Marion Downs, l’audiologiste qui militait pour le dépistage systématique de la surdité chez l’enfant et l’appareillage des nourrissons, écrivait encore en 1978 que les ORL n’étaient pas concernés par la surdité unilatérale (SU) de l’enfant, qui n’était pas un handicap… Elle est revenue sur ses positions en 2007, sonnant l’alarme dans un éditorial : « La perte auditive unilatérale chez l’enfant : un appel aux armes ». Il est en effet maintenant évident qu’une surdité unilatérale provoque une réorganisation des voies auditives centrales, et retentit sur le développement du langage, de la cognition, perturbe la scolarité et le comportement.
Peu d’études ont été menées avec des IRM fonctionnelles chez l’enfant, et elles concernent toutes les plus de 7 ans. Elles montrent des différences structurelles au niveau des diverses régions auditives entre les enfants atteints de SU et les normo-entendants. Il y a à l’évidence des modifications du fonctionnement cérébral, avec très probablement dans la SU des mécanismes compensatoires activant des aires cérébrales normalement non utilisées, ce qui pourrait être favorable, mais aussi provoquer le développement de réseaux aberrants.

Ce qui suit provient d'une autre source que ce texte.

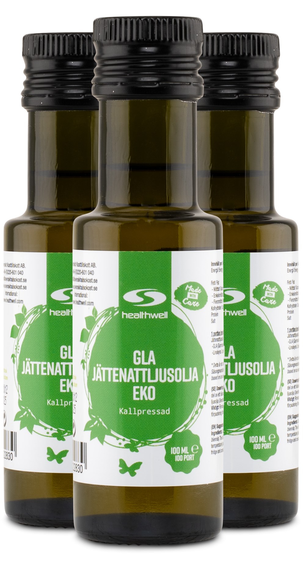 Healthwell GLA Jättenattljusolja EKO utvinns från fröna av den gula örtväxten jättenattljus. Fröna kallpressas skonsamt utan tillsatser och vid låg temperatur för att bevara deras effekt och viktiga näringsämnen. GLA Jättenattljusolja EKO är naturligt rik på GLA och linolsyra, två omättade fettsyror från omega-6. Linolsyra är en essentiell fettsyra som måste tillföras genom kosten eftersom kroppen inte kan producera den själv.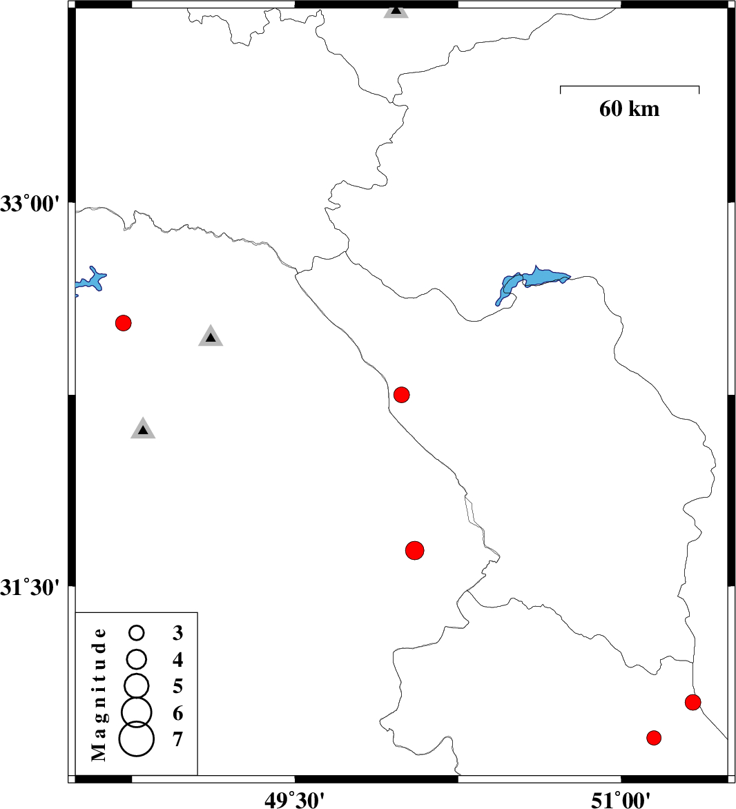 | 2012/05/04 | 08:34:28.3 | 13:04:28.3 | 31.04 | 51.33 | 14 | ML:3.2 | Kohkiluieh va boyerahmad Province, 22 km North-West of Sisakht |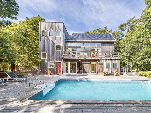 This custom Montauk offering was carefully sited at the pinnacle elevation on this wooded shy .91-acre parcel oriented to enjoy southern exposure and horizon ocean views. Encompassing 2104 SF as a multi-level home offering a level for everyone to immerse themselves in. A cathedral foyer entry leads to a lounge with a wet bar, 3 guest bedrooms, 2 baths, and a generous mud room with access to the 2-car garage. At this level the sliding glass doors open directly to the pool and its surrounding deck. The second floor houses a generous, vaulted living space focused on a stone-surround fireplace and is lined with glass sliders which drench theroom with sunlight. There are hardwood exposed beams that accent the space. The floors are maple. The galley kitchen is efficient and was renovated by a local craftsman to expand on open chefs cooking. The primary suite is on this level and is designed with double closets and an en-suite bathroom along with it own private 527 SF deck. The 3rd level offers a large private office featuring a Juliet balcony and has access to the uppermost rooftop, ocean-viewing deck. All floors are serviced by custom-installed 4 stop elevator starting from the garage level. Amenities include rectangular 18X36 vinyl pool, expansive 1100 SF of pool decking, private outdoor shower, oak/maple floors and solid, long grain fir doors. There's a private Zen-like garden that leads around the property with the ocean beach just moments away.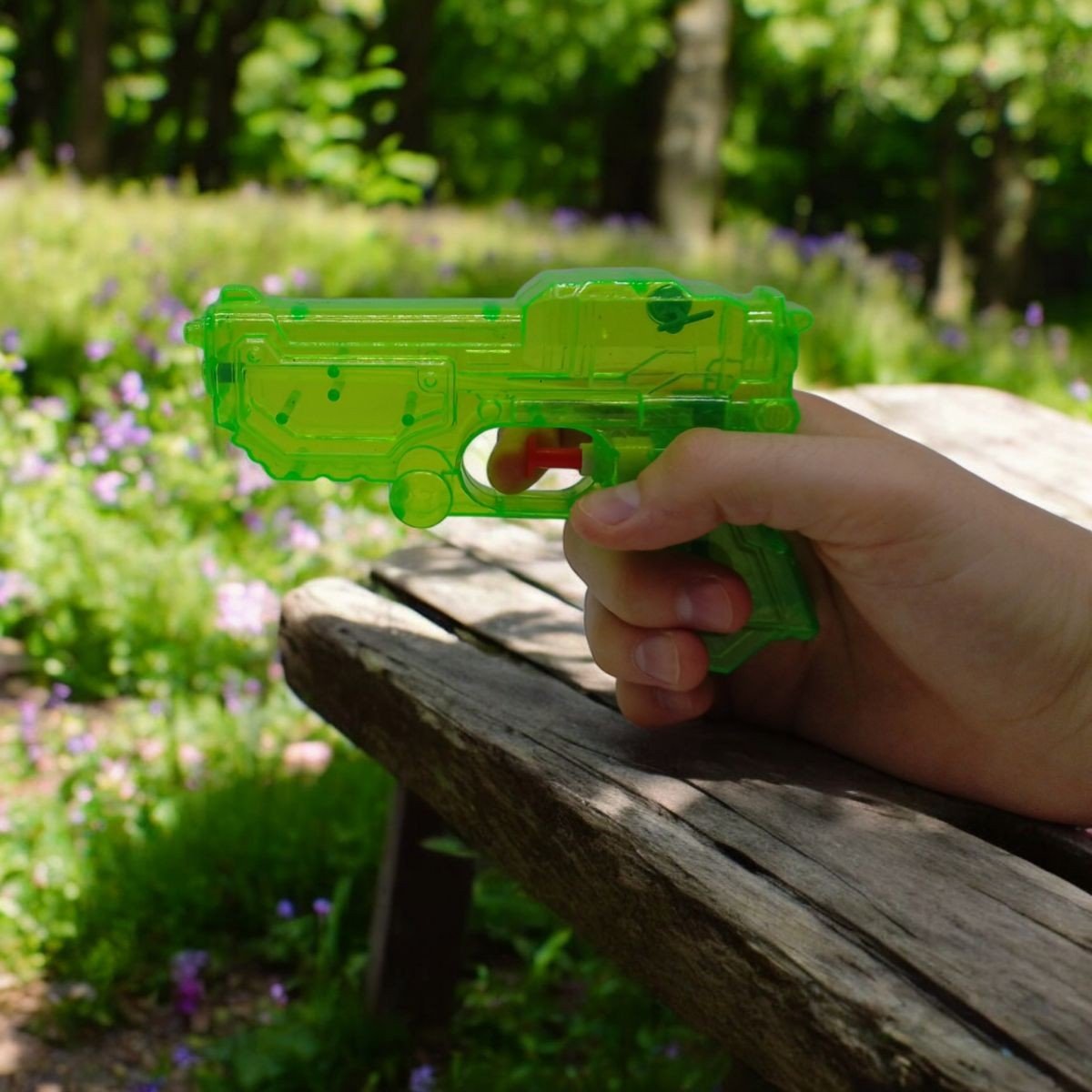 Прозорий водний пістолет довжиною 15 см. Він ідеально підходить для активних ігор на свіжому повітрі. Завдяки компактному розміру та легкій вазі його зручно тримати в руках навіть найменшим дітям. Вода заливається прямо у сам пістолет (є отвір збоку).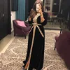 Robe de soirée noire, Caftan marocain, ligne a, manches 3/4, avec des applications en velours, dubaï, arabe, turquie, Abaya, robe islamique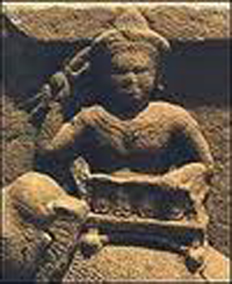 Ίντρα. Ένας βασικός θεός στην ινδουιστική μυθολογία, αντίστοιχος του Δία. Στο χέρι του κρατάει ένα Βάζτρα, δηλαδή ένα ЭIЄ.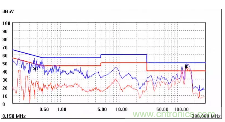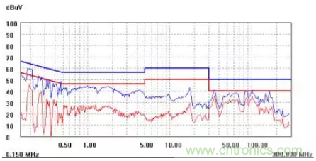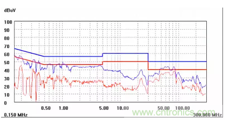 圖一a可以看出,改變PCB布局后130M-200M已經(jīng)完全被衰減,但是30-130M沒(méi)有圖一效果好,可能變壓器出線無(wú)交叉好一些。仔細(xì)觀察,此IC具有抖頻功能,傳導(dǎo)部分頻段削掉了一些尖峰;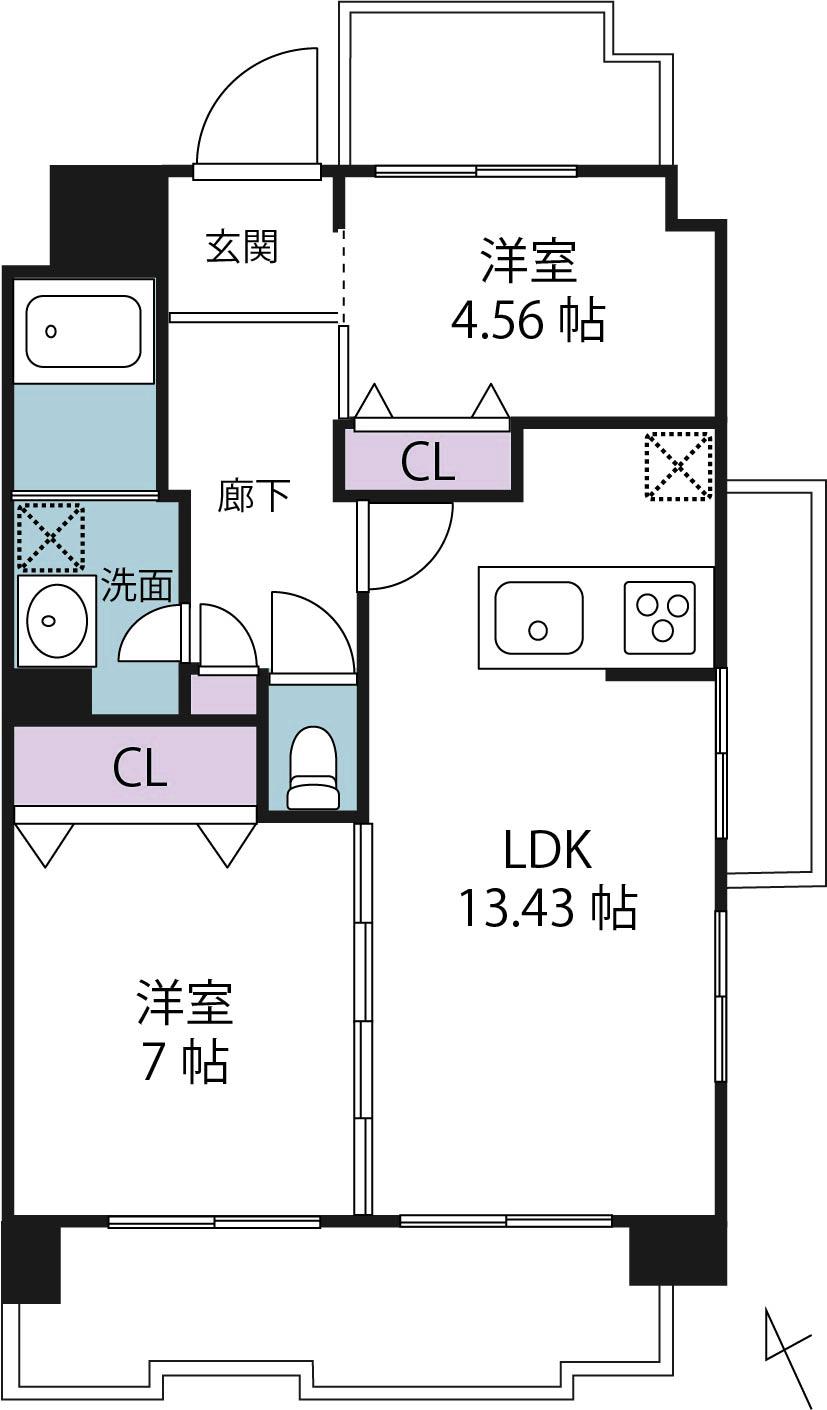 2LDK | 2480万円 | 59.15平米(17.89坪)(壁芯) | 南西 | 相談 | お問い合わせする(無料) SUUMOで詳細を見る |

Un handicap qui persiste après l’enfance
En ce qui concerne le langage, de grandes séries cas-contrôles comparant des enfants atteints de SU à leurs frères et sœurs montrent une différence significative dans toutes les composantes du langage entre les deux groupes. Alors que les QI sont identiques, les premiers nécessitent plus de recours à l’orthophonie (2,6 fois) et à un auxiliaire de vie scolaire (4,4 fois) entre 6 et 12 ans. Et le plus inquiétant est que la différence ne se comble pas avec le temps : ils ont toujours de moins bons scores langagiers en grandissant.
Au niveau scolaire, leur taux de redoublement est de 24 à 35 %, versus 3 %. Ces enfants sont de plus souvent considérés comme cognitivement lents, non intelligents, distraits, inadaptés, ou au contraire agressifs, du fait de leurs difficultés à localiser la parole et à la percevoir dans un milieu bruyant. Et d’authentiques troubles du comportement concerneraient 20 % d’entre eux, versus 4,4 %.
« Il est indispensable que la SU soit diagnostiquée rapidement, avec une prise en charge et une évaluation de son retentissement précoces », insiste le Dr Stéphane Roman de l’hôpital de la Timone à Marseille. Le développement du langage doit faire l’objet d’un suivi orthophonique régulier, et les OMA et OSM doivent être surveillées afin de ne pas aggraver la surdité. Une attention toute particulière sera accordée aux enfants cumulant les facteurs de risque, surdité unilatérale sévère, prématurité, baisse du QI, facteurs socio-économiques défavorables. L’appareillage systématique reste discuté, et la décision d’une approche spécifique est adaptée au cas par cas.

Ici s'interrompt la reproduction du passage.